→ **Exercise objective**: Pictures aside, repeat the listing below exactly.

→ **Information supplied**:

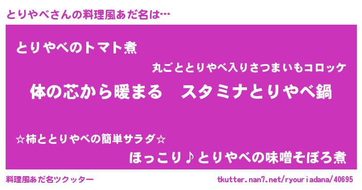 | 意味不明あだ名 | 『とりやべフォーエバー』 |
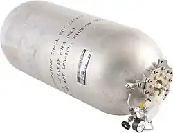 A fuel tank (also called a petrol tank or gas tank) is a safe container for flammable fluids, often gasoline or diesel fuel. Though any storage tank for fuel may be so called, the term is typically applied to part of an engine system in which the fuel is stored and propelled (fuel pump) or released (pressurized gas) into an engine. Fuel tanks range in size and complexity from the small plastic tank of a butane lighter to the multi-chambered cryogenic Space Shuttle external tank.
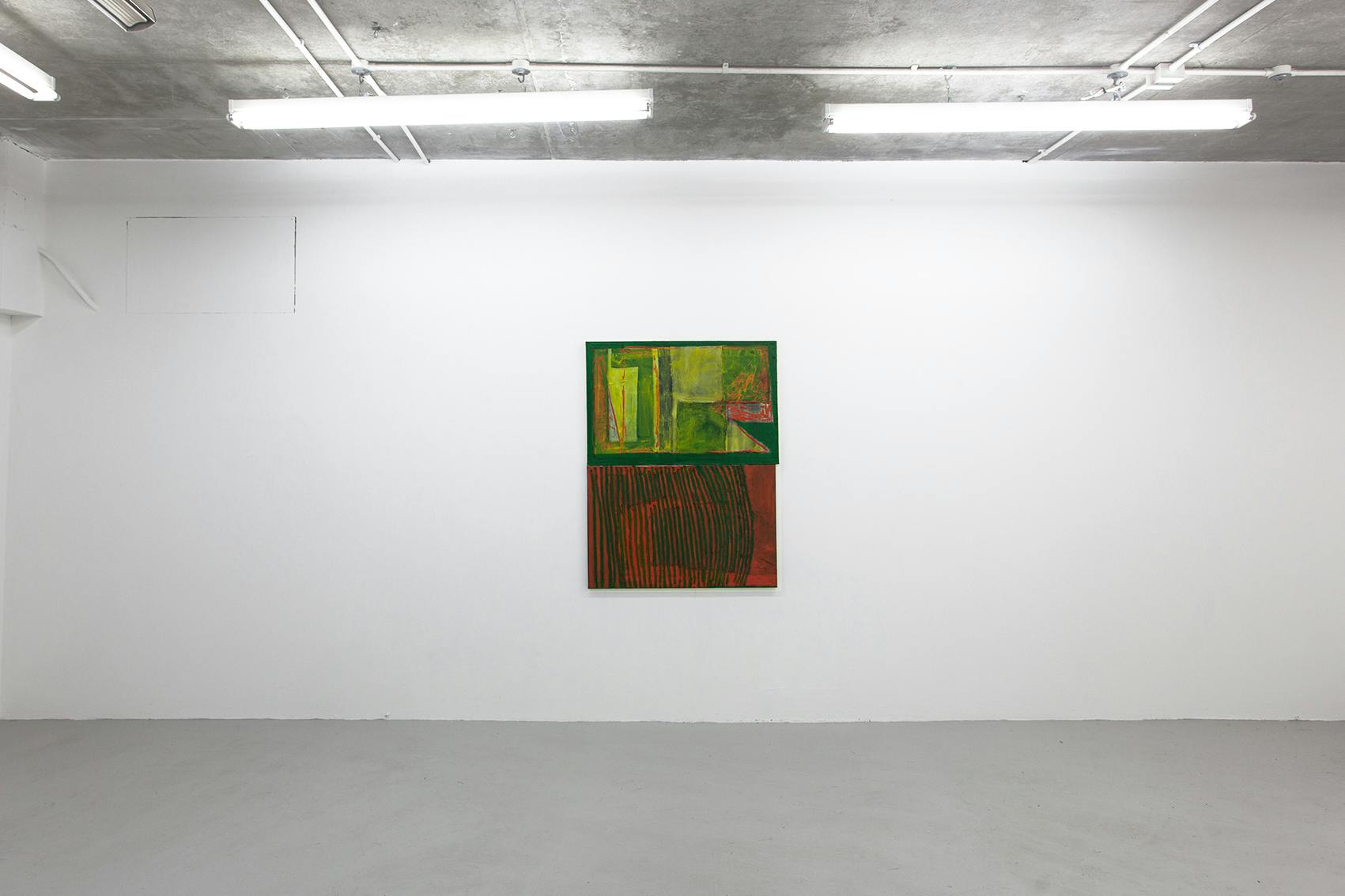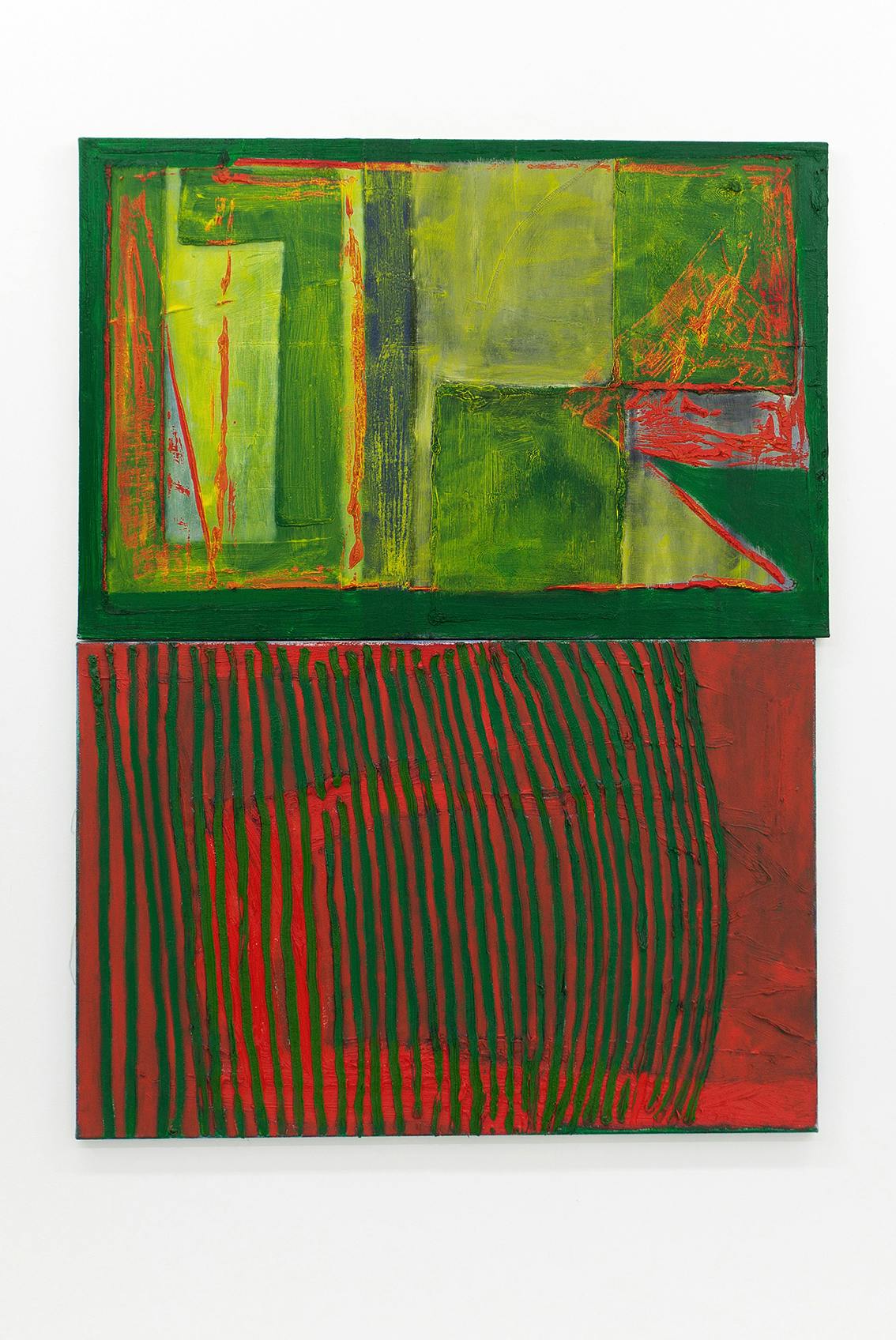 untitled (Top: Transparent Yellow Over Red Imprint, Grey, Green; Bottom: Vertical Green Lines, Red), 2017-2019, oil on canvas, 92 cm x 122 cm

→ **Solution for this task**:
 | 意味不明あだ名 | 『とりやべフォーエバー』 |
 A fuel tank (also called a petrol tank or gas tank) is a safe container for flammable fluids, often gasoline or diesel fuel. Though any storage tank for fuel may be so called, the term is typically applied to part of an engine system in which the fuel is stored and propelled (fuel pump) or released (pressurized gas) into an engine. Fuel tanks range in size and complexity from the small plastic tank of a butane lighter to the multi-chambered cryogenic Space Shuttle external tank.
 untitled (Top: Transparent Yellow Over Red Imprint, Grey, Green; Bottom: Vertical Green Lines, Red), 2017-2019, oil on canvas, 92 cm x 122 cm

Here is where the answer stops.